ConocoPhillips also intends to retain a "strategic relationship" with Russia's Lukoil, and has no plans to sell its 20 percent stake in the firm as part of the $10 billion program, officials said.

Instead, ConocoPhillips is targeting its bottom 10 percent of oil and gas properties in Canada and the lower 48 states and natural gas properties in the North Sea's Southern basin.

"Some will say what we're doing essentially is that we're shrinking to grow," Mulva said. "That would be a fair assessment."

He said the program represents a change in strategy from recent years, to a focus on greater shareholder value over growth. The change is necessary given the dramatic drop in energy demand with the global recession and growing difficulty accessing new reserves, he said.

The company will provide more details of the asset-sale program early next year, Mulva said.

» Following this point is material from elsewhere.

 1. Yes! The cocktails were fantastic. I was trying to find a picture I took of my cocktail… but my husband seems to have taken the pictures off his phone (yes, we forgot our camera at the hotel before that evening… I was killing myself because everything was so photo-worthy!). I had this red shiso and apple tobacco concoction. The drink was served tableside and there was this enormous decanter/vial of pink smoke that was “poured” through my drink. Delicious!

The update came as the Houston-based oil major reported a 71 percent drop in third-quarter earnings--still beating Wall Street expectations--as lower crude oil and natural gas prices and weak oil refining margins worldwide weighed on the bottom line.

Net income slipped to $1.5 billion, or $1 per share, from $5.2 billion, or $3.39 per share, in the July-to-September period in 2008, the company said in a statement this morning. Revenue dropped to $41.3 billion, from $71.4 billion in the year-ago quarter.

Analysts had on average expected the company to earn $1.4 billion, or 94 cents per share, on revenue of $35.4 billion, according to a survey by Thomson One.

But the company said its oil and gas production and oil refinery utilization were both higher than they were at this time last year, and that its operating costs were down.